Self-Care Tip #145 – Look around to get strength.
I was talking with my colleague, Janice, who works intimately in the area of group homes and advocating for the clients. I asked her to tell me something about them.
There are times when parents give up and they can’t provide.
I wrote a blog-post some time ago relating to this as I work with many families who are near this point or past it. Taking care of ourselves can be hard enough in this world, let alone a disabled child or two, or three… I’ve seen marvelous results from placements. However, my blog-post, “Get in Someone’s Space” got a response that was not so complimentary. I asked Janice about where she thought the comment was coming from.
There are a lot of good group homes but many are not. The workers are paid minimum wage often and they are saints. There are about 1/2 and 1/2 that are good v. not good. They can make a lot of money potentially. In some of the homes, the workers are ambivalent at best. It is a job to them. If they do care but are surrounded by people who don’t care they lose steam. They can’t do it all. Emergency homes are also useful to give parents a relief.
Some of the disabled in placement have no family involved. Others do. And in those that do have involved family give their family some time to recharge while in placement. The family can recharge and use that new energy for things like continue to “shop” further for the best fit for placement. It can be work to find the right placement and get someone moved there. Then after that challenge is met, families will find other struggles. Struggles such as placement being so far that the family can’t visit or be as involved as they’d like. They find, as we all do at some ah-ha moment(s) in life, that we can’t have it all.
Mr. Rick stated it well.
I will not be a victim while choosing my burdens.
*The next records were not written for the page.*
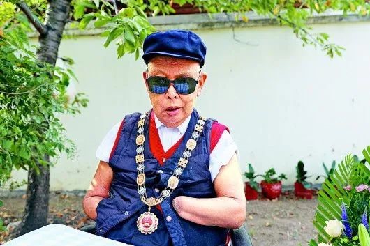 1950年在抗美援朝战争中,一次战役中身负重伤,双腿膝盖以下、双手手腕以上截肢,失去左眼,成了一级伤残军人。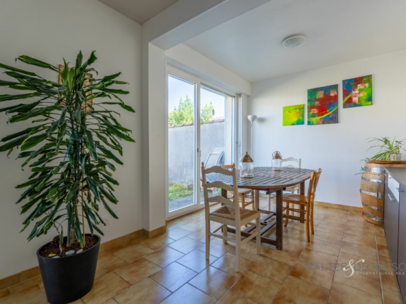 Au rez-de-chaussée, vous découvrirez une entrée séparée accueillante, un salon-séjour lumineux, une cuisine ouverte équipée, et une buanderie discrète et pratique, pensée pour simplifier votre quotidien.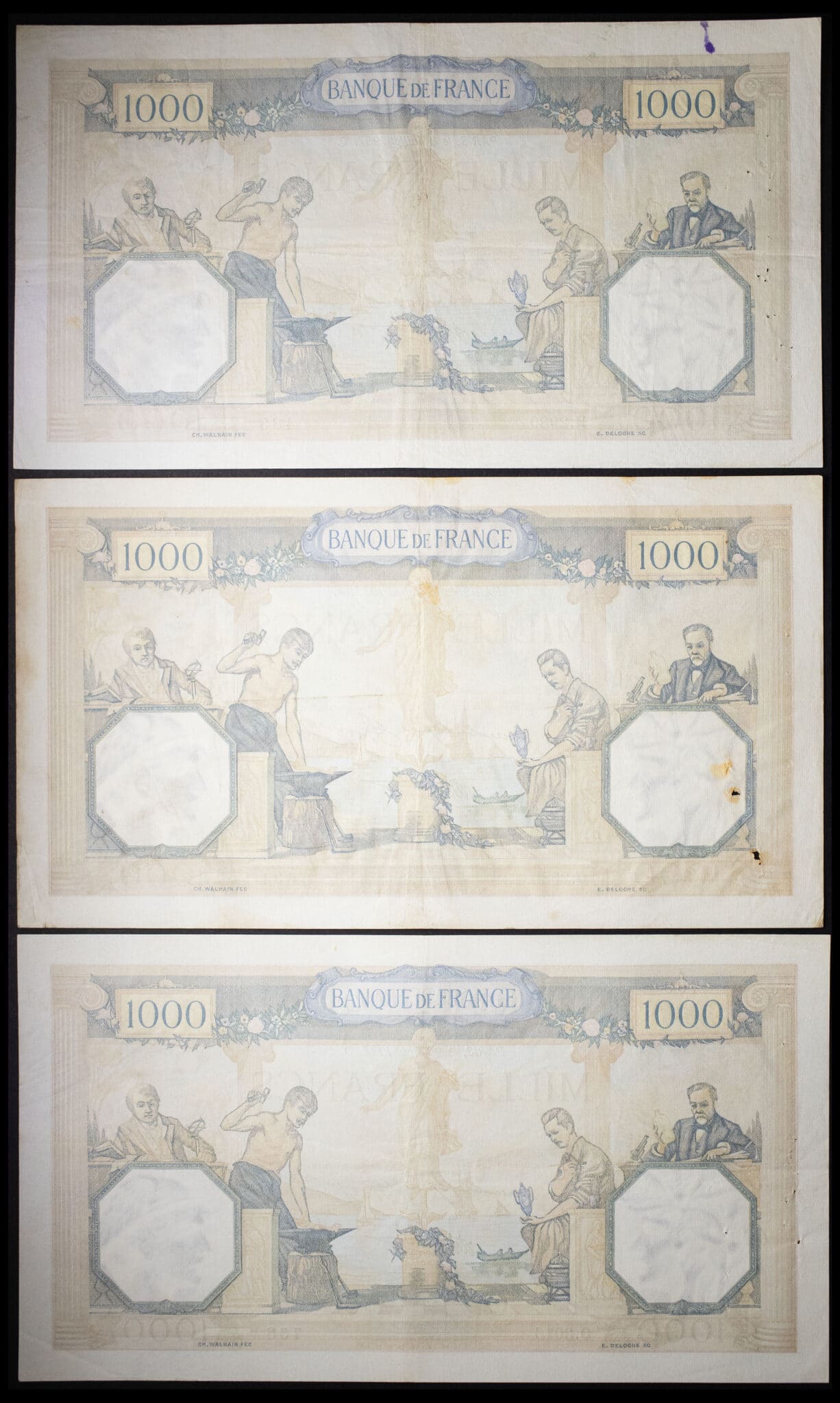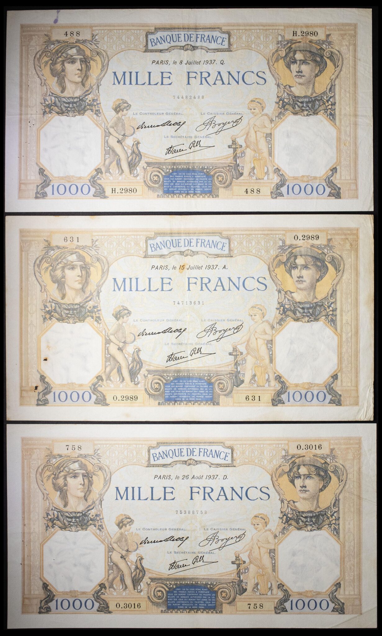 - Lot (3) - 1000 francs type “Cérès et Mercure” modifié (signatures A) 8 juillet au 26 août 1937.

We could also say, “I will not be a victim while choosing my benefits,” perhaps.
I understand that the topic of disabled family and/or group home placements may not interest all of us. It may not appear at the surface to be an issue involving eternal truths. Yet, we see that it does. We are, each of us, not so far removed from unfair life circumstances. From choices that look “bad and also bad.” Or could we say, rather, that look to be choices between “one benefit and another,” knowing that we can’t have it all?
No. We are not so far away from the single mother raising her two mentally retarded children. We are not that distant from the caregiver with license to house five children but can’t find good staffing. We can see the fetal-alcohol syndrome child who got what he got from birth and will live where they are until they die with staff as their family.
To my parents who can’t give any more, choose your benefits. They are there. To my kids who are confused by their own behaviors and emotions, to my staffers who struggle to understand the value of their jobs, to you who feel more of the burdens than the benefits, to all of us, we are the same in this. We are each other’s “people.” We have this knowing.
Look around. Gather strength and make your choices.
Question: What has enabled your perspective? What part came without effort and what part didn’t? Please tell me your story.